After a few ones with a controlled canter and good geometry, I went across the diagonal to change directions, riding the same exercise in the other direction. Like last time, it was difficult. Focusing on riding transitions and directions takes practice, but I got a few good ones.
Next, I rode through the dressage test I recently started working on, Training Level Test 3. It not go well at. In short, it was tense, wild, fast, and not very controlled. Chester was in one of his energetic moods and was completely running off, causing me to keep a tighter hold on the reins, which irritated him more. I kept him on the pattern, but it was anything but the balanced and calm test the judges are looking for.

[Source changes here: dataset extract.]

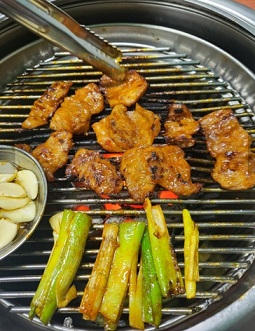 신사돼지뽈집의 숯불은 불이 쎈편입니다. 고기도 빨리 익고, 사장님이 빠르게 불판을 가려주시고 부족한 반찬을 리필해 주십니다. 역시 26년의 전통은 그냥 되는게 아닌 것 같습니다. 고기와 함께 나오는 마늘에 기름칠이 되어 있어서 타지 않고 센스있다고 생각합니다.

The next time through, my focus was mostly on calming Chester and getting him back to his "happy place." Rather than nagging at him by constantly half-halting, I decided to relax, take a breath, and talk softly to him. The result was successful. I was able to get Chester relaxed and happy, and it wasn't just by holding him back, the latter of which may slow him down, but not truly get him back to his "happy place."
This test turned out much more smoothly and controlled. Chester was reassured when I talked to him and gained confidence. Meghan says that being able to relax a horse that quickly takes a good rider, so I must have really improved over the summer. If something like that happened three months ago, I probably wouldn't have stayed on and would likely have dismounted and tried again another day.